The tribunal order, dated March 6, said, “However, as definitive agreements have yet to be executed, the tribunal holds that the claimant (Zostel) is entitled to take appropriate proceedings for specific performance and execution of the definitive agreement as envisaged, for itself and its shareholders under the term sheet.”

In November 2015, OYO had acquired the hotel business of ZO Rooms and the standalone hostel booking platform, Zostel, in an all-stock deal. The term sheet had promised ZO Rooms’ shareholders a cumulative 7% stake in OYO.

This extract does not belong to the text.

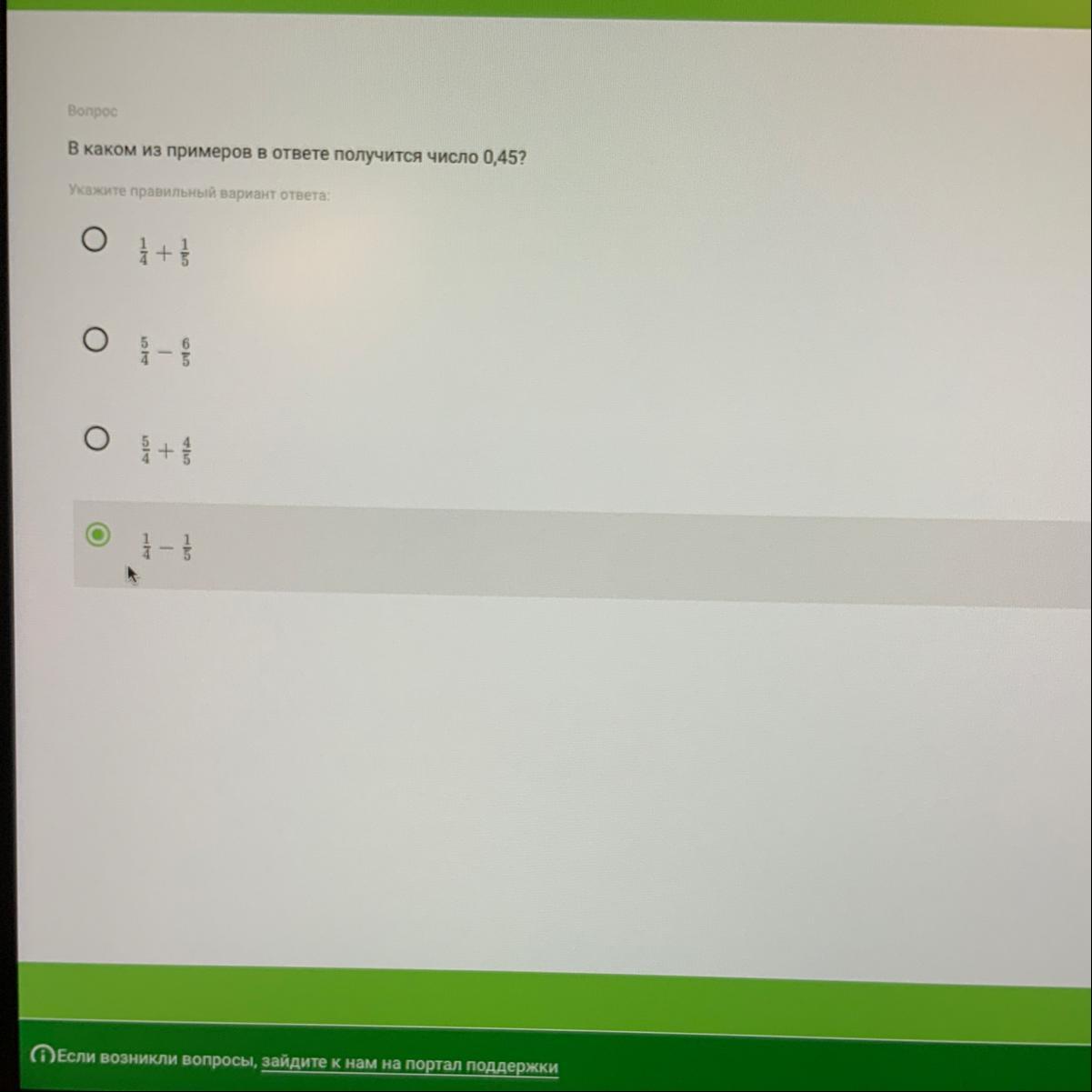 1/4+1/5=(4+5)/20=9/20 домножаем на 5 числитель и знаменатель 45/100=0.45

OYO terminated the deal in September 2016, claiming that it did not identify potential value in the transaction. The SoftBank-back startup, at the time, also filed a criminal complaint against Zostel founders for allegedly harassing it into a deal without a definitive term sheet.

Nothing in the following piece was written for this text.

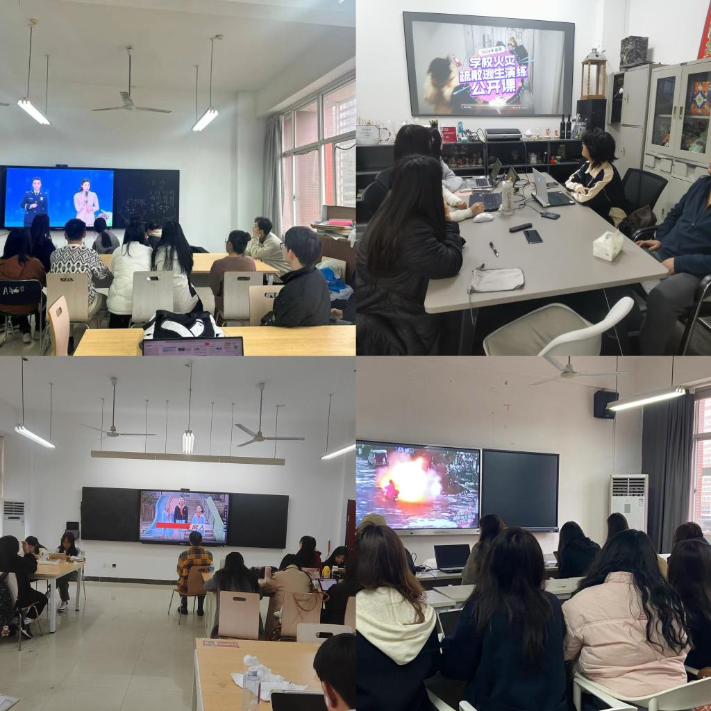 学院组织观看春季学校火灾疏散逃生演练公开课

In response to the latest ruling, OYO denied that there was any relief granted to Zostel in terms of stake ownership in OYO. In a company blog, OYO said, “We have noted some messages being circulated by Zostel, and hence, in the interest of setting the record straight, we are stating that the arbitration tribunal has granted no specific relief to Zostel in terms of receiving ownership in OYO.”

The blog added, “The arbitration hasn’t given any direction for issuance of shares, as the definitive agreement was neither agreed (to) nor consummated, and therefore, closing conditions were far from being achieved and the same has been acknowledged by the arbitrator.”

OYO added that it would challenge the ruling, “which treats a non-binding term sheet as a binding document” in order to offer rights and remedies to Zostel.